Autor:
Fernando Pascual
Las
líneas paralelas no se tocan. Van hacia adelante y hacia atrás sin encontrarse
nunca. Se “miran” mutuamente, a distancia, con recelo, como si no tuviesen nada
que ver entre sí.
Algunos
piensan que negocios y ética, que economía y valores, son líneas paralelas.
Quizá están cerca, quizá se conocen mutuamente. Pero no se tocan: nunca llegan
a establecer puentes y relaciones de diálogo y de colaboración.
Pensar
así supone creer que los negocios coinciden con el mundo de la maldad y del
“todo se puede mientras no te cojan”. Es pensar que la economía está lejos de
la ética, lejos de los principios morales, lejos de los mandamientos, lejos de
la justicia, lejos de la solidaridad, lejos, sobre todo, del amor. No podemos
olvidar que la plenitud de la ética es el amor, y donde no hay ética no puede
haber amor.
La
verdadera ética, por su parte, mira a los negocios, quiere entrar en el mundo
de la competición, de la lucha por el triunfo, de las leyes del mercado. Quiere
dar a ese mundo difícil y complejo un sentido, una riqueza mucho más profunda.
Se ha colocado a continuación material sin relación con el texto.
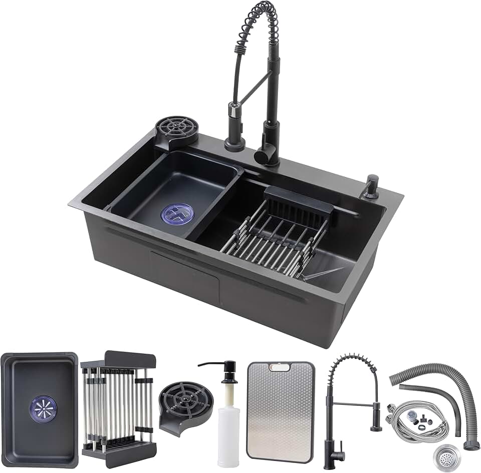 29.5 x 17.7 inch Black Kitchen Sink, Single Bowl Stainless Steel Sink, Multifunctional Drop In Sink Workstation, with Spring Pull-Down Faucet and Cup Washer, Soap Dispenser

Quiere, en otras palabras, que las líneas se encuentren, que la economía sea
más buena. Quiere que los empresarios, los sindicatos, los grupos bancarios,
los expertos de las finanzas, no olviden que son hombres que viven para servir
a otros hombres, que tienen deberes y obligaciones muy importantes para el
bienestar de muchos.
La
verdadera ética repite que sólo vale la pena el beneficio si es justo y
promueve la justicia.
Que el mercado crece auténticamente sólo si no desprecia a
nadie, si no realiza trampas que humillan a los perdedores y a los vencedores,
si promueve el bien común, si busca la solidaridad entre las familias, los
grupos, los pueblos y naciones.
El
mundo de la empresa necesita, urgentemente, una oxigenación de ética. No
podemos limitarnos a valorar el éxito económico sólo según los beneficios que
se obtienen.
Lo
decía de modo claro y decidido el Papa Juan Pablo II: “Es posible que los
balances económicos sean correctos y que al mismo tiempo los hombres, que
constituyen el patrimonio más valioso de la empresa, sean humillados y
ofendidos en su dignidad. Además de ser moralmente inadmisible, esto no puede
menos que tener reflejos negativos para el futuro, hasta para la eficiencia
económica de la empresa.
En efecto, finalidad de la empresa no es simplemente la
producción de beneficios, sino más bien la existencia misma de la empresa como
comunidad de hombres que, de diversas maneras, buscan la satisfacción de sus
necesidades fundamentales y constituyen un grupo particular al servicio de la
sociedad entera. Los beneficios son un elemento regulador de la vida de la
empresa, pero no el único; junto con ellos hay que considerar otros factores humanos
y morales que, a largo plazo, son por lo menos igualmente esenciales para la
vida de la empresa” (Juan Pablo II, carta encíclica “Centesimus annus”,
n. 35).
Un
poco antes, en la misma encíclica, Juan Pablo II recordaba la centralidad del
hombre en la vida económica: “Por encima de la lógica de los intercambios a
base de los parámetros y de sus formas justas, existe algo que es debido al
hombre porque es hombre, en virtud de su eminente dignidad. Este algo debido
conlleva inseparablemente la posibilidad de sobrevivir y de participar
activamente en el bien común de la humanidad” (“Centesimus annus”, n.
34).
Ventilar
el mundo de la economía con el aire fresco de la ética nos permitirá
humanizarla, vivirla de modo más rico y más pleno. Como ya lo hacen algunos
empresarios y obreros que quieren un mundo mejor y más justo. Como lo necesitan
hacer tantos otros que han olvidado que el fin de toda la economía es “el bien
común de la humanidad”.
Es
posible, es urgente, que negocios y ética se encuentren. No son líneas
paralelas. La economía necesita, especialmente en el mundo globalizado, una
ética basada en la justicia y la dignidad del hombre. Quizá entonces, es
cierto, alguno pierda competividad; pero ganará bienes mucho más valiosos que
el dinero, al promover un mundo más solidario y más feliz.